They absolutely have a risk, especially with cities built on an industry but consider a city like Pittsburgh that has bounced back from the industrial hurt. Obviously Camden, Detroit, and others are not as well off but those were entire cities built on singular industries. The Bay Area or NYC aren't going to total collapse in the same way.

Well, the Bay Area does have a strong industrial concentration in the tech industry. You can imagine Chinese tech doing to Silicon Valley what Japanese autos did to Detroit. You can also imagine climate change or another great earthquake wreaking havoc. It is also possible that cultural and / or technological may make city living less attractive than it is now. We have gone through such cycles in the past.

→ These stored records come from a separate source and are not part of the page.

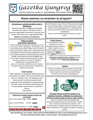 Gazetka Gungrog Semestr jesienny, numer 4– poniedzialek, 26 wrzesien 2016 Nasza wartosc na wrzesien to przyjazn! Konsultacja w sprawie projektu szkol w Welshpool Prosimy pamietac, ze gdyby zechcieliby Panstwo aby szkola w Panstwa imieniu zwrocila odpowiedz konsultacji, prosimy namzwrocic formularz do 11-ego pazdziernika. Bedzie to uczynione z poufnoscia. Kluby po szkole Klub Sztuki I Rekodziela Mamy nadzieje na ponowne rozpoczecie w tym roku Klubu Sztuki I Rekodziela. Chcielibysmy aby dzieci dolaczyly do Klubu dzieki czemu ich praca artystyczna bedzie mogla zostac wprowadzona do ‘Eisteddfod’ (festiwalu konkurencyjnego) w roku 2017. Oplata wpisowa przed grudniem za Klub to £7.00. Pozniej oplata wzrasta do £8.50. Jesli chcecie aby Panstwa dziecko dolaczylo do Klubu prosimy przyniesc do szkoly £7.00 oplaty wpisowej do 21-ego pazdziernika gdyz w ten sposob unikniemy wzrostu oplaty. Szczegoly dotyczace Klubu Sztuki I Rekodziela pojawia sie wkrotce. Klub Dramatu Mile widziane sa wyrazenia zainteresowania dramatem po szkole. Klub ten byl bardzo popularny w zeszlym roku. Chcielibysmy oszacowac poziom zainteresowania przed rozpoczeciem przychodzenia prowadzacego ten klub. Jezeli sa Panstwo zainteresowani prosimy podac imiona dzieci w szkolnym biurze. Dziekujemy. Frekwencja zeszlego tygodnia. Brawo dla wszystkich! Klasa 1 Pani Mills-Hogg 100% GREEN Klasa 2 Pani Williams 97.24% GREEN Klasa 3 Pani Humphreys 97.78% GREEN Jezeli Panstwo znaja, Cllr Ann Holloway, ktora dlugo pracowala jako jeden z kierujacych osob w szkole, niestety zmarla tego tygodnia. Cllr Holloway efektywnie pracowala wiele lat dla naszej szkoly a my chcielibysmy wyrazic nasze kondolencje jej rodzinie i przyjaciolom. Zlobek Gungrog W tym tygodniu w zlobku bedziemy sie uczyc, bezpieczenstwa na drodze robiac robotki reczne. Nasze walijskie wyrazenie tygodnia to Hydref co oznacza Jesien. Bedziemy sie rowniez uczyc nazywania jesiennych kolorow— czerwony, pomaranczowy i zielony ktore po walijsku brzmia coch, oren and gwyrdd. Ankieta Ankieta jest bardzo wazna, poniewaz szkola bedzie rozwazac Panstwa opinie. Prosimy przyniesc do szkoly wypelniona ankiete do piatku 30-ego wrzesnia. Jest to koniec tego tygodnia. W piatek 30-ego wrzesnia miedzy 2-4 w szkolnym korytarzu odbedzie sie wydarzenie na ktorym mozna napic sie kawy I zjesc ciastko. Jest to w ramach zbierania pieniedzy dla ’Macmillan’owego Wsparcia Osob Chorych na Raka’. Dary w formie ciast beda mile widziane. Jesli Panstwa dzieci chcialyby przyniesc pieniadze w ten dzien, bedzie dla nich mozliwosc przyjscia I kupienia ciastka. Aby skontaktowac sie ze szkola, prosimy dzwonic 01938 553223 lub wyslac maila [email protected] Po wiecej informacji prosimy zajrzec na strone szkoly - www.gungrog.powys.sch.uk
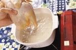 3 ) 雞 切 乾 淨 先 出 水 , 再 與 瘦 肉 、 薑 片 、 蔥 條 放 入 煲 中 煲 滾 後 改 用 中 火 煮 2 小 時 , 落 鹽 即 成 。
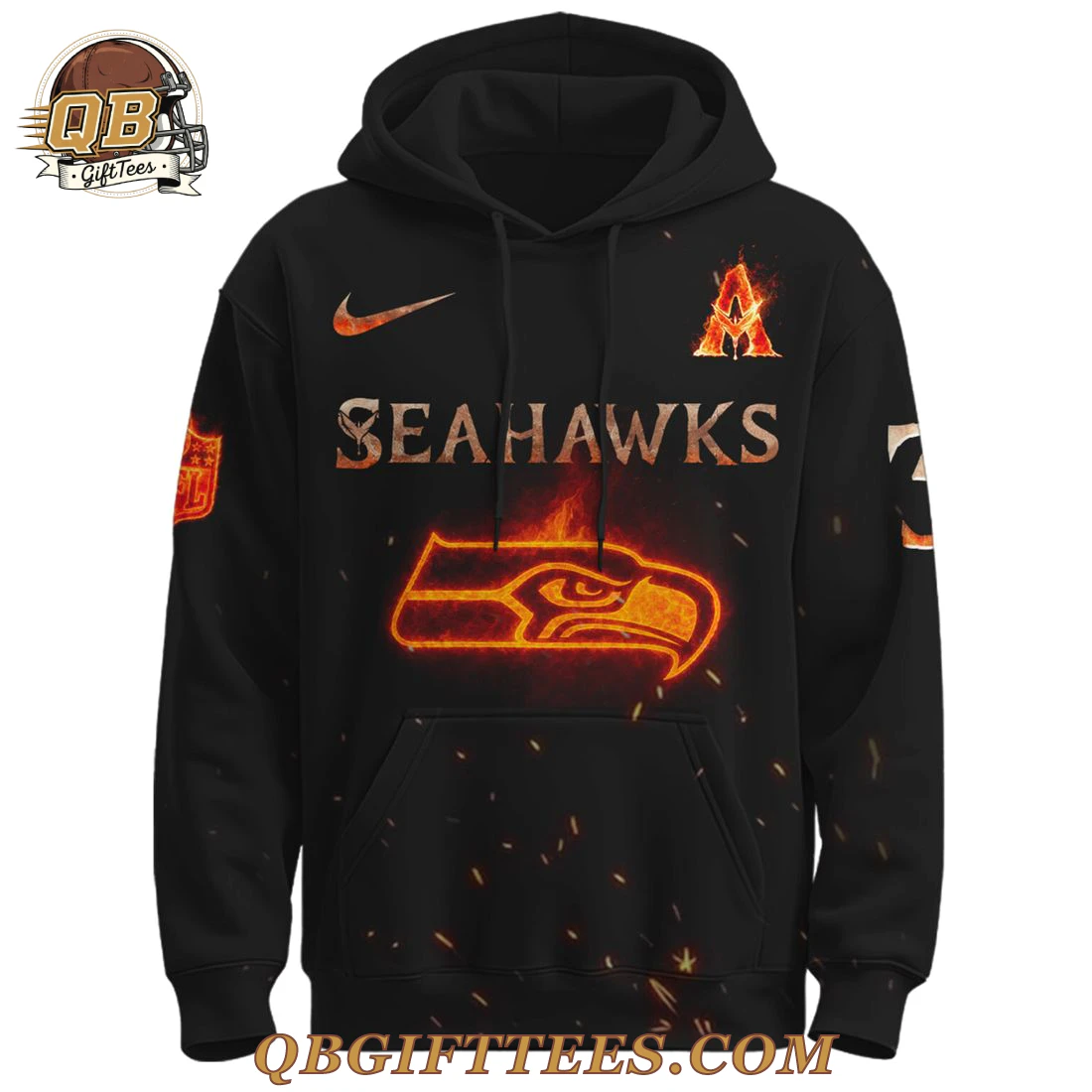 Unite your passion for the Seattle Seahawks and the epic world of Avatar with the Seattle Seahawks x Avatar Limited Edition Hoodie. This unique collectible celebrates the intensity shared by both franchises, appealing to fans who appreciate powerful narratives and unwavering team spirit. The hoodie features a deep black base, serving as a canvas for striking fiery graphics. On the front, a white swoosh is positioned on the upper left, while the word “SEAHAWKS” in a distressed, flame-licked font dominates the chest. Below it, the iconic Seattle Seahawks logo glows with an internal fire effect. A bold, fiery “A” from Avatar is prominently displayed on the upper right, and the NFL shield logo adorns the left sleeve. The back showcases a large, central fiery “A” with the Seahawks logo integrated, framed by the ‘AVATAR’ title and ‘FIRE AND ASH’ subtitle. Both front and back are accented with scattered fiery embers, and a kangaroo pocket provides functional warmth. Crafted from a comfortable 8 oz/yd² (270 gsm) blend of 50% cotton and 50% polyester fleece, this hoodie offers a durable fabric and a classic fit.
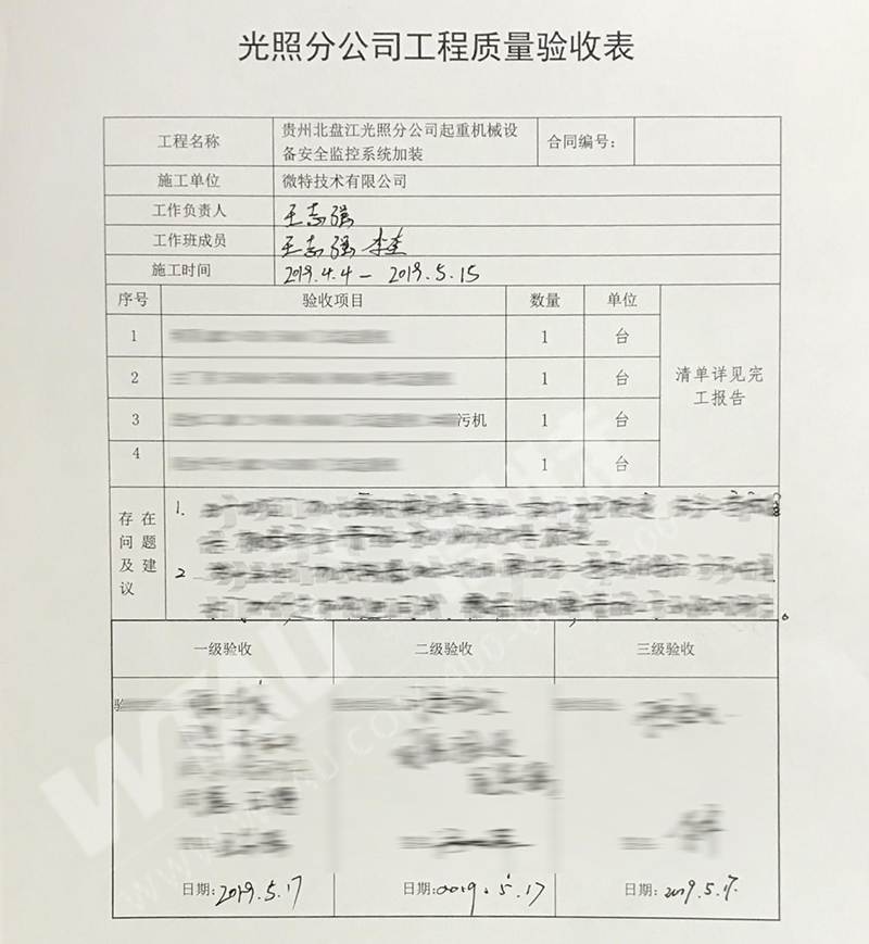 貴州北盤江光照分公司安全監(jiān)控系統(tǒng)加裝項(xiàng)目在客戶要求定檢時(shí)間前完工并且一次性通過電廠內(nèi)部三級驗(yàn)收且無整改項(xiàng)目,驗(yàn)收現(xiàn)場得到客戶肯定。同時(shí),項(xiàng)目已順利通過黔西南特種設(shè)備監(jiān)督檢驗(yàn)。
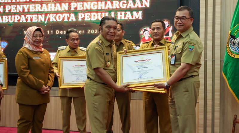 JAKARTA.GERBANGPATRIOT.COM – Banten, Penjabat (Pj) Gubernur Banten Al Muktabar menyerahkan Penghargaan Kabupaten/ Kota Peduli HAM kepada Bupati/Walikota se-Provinsi Banten. Tahun ini, delapan (8) Kabupaten/Kota di Provinsi Banten mendapatkan Penghargaan Kabupaten/ Kota Peduli HAM.

I'm not saying I think the values will go to zero, but when you have single-family homes selling for 10X the price of a similar home in a mid-sized city, there is significant downside risk even without total collapse.
 

Joni

Member
Oct 27, 2017
19,508
The premise is that the renter would take the money they are saving upfront and invest that in some historically higher-performing asset class, like stocks.
Which would end up in one of two categories: untouchable because it is something with a specific duration, or decimated by the same thing that would tank the house market. In 2008, housing collapsed mainly in the US, the investment market tanked globally.
 
Nov 14, 2017
4,928
The premise is that the renter would take the money they are saving upfront and invest that in some historically higher-performing asset class, like stocks.



Well, the Bay Area does have a strong industrial concentration in the tech industry. You can imagine Chinese tech doing to Silicon Valley what Japanese autos did to Detroit. You can also imagine climate change or another great earthquake wreaking havoc. It is also possible that cultural and / or technological may make city living less attractive than it is now. We have gone through such cycles in the past.

I'm not saying I think the values will go to zero, but when you have single-family homes selling for 10X the price of a similar home in a mid-sized city, there is significant downside risk even without total collapse.
OK, so what investment class do you recommend that after 30 years will all of a sudden start paying all your rent and will continue to do so for the rest of your life? That's what home ownership gets you.
 

SchuckyDucky

Avenger
Nov 5, 2017
3,944
This is far from true in a lot of different situations and markets. One is not universally better than the other.
 

Shadybiz

Member
Oct 27, 2017
10,164
Depends on where you are, how long you plan on staying, and other things.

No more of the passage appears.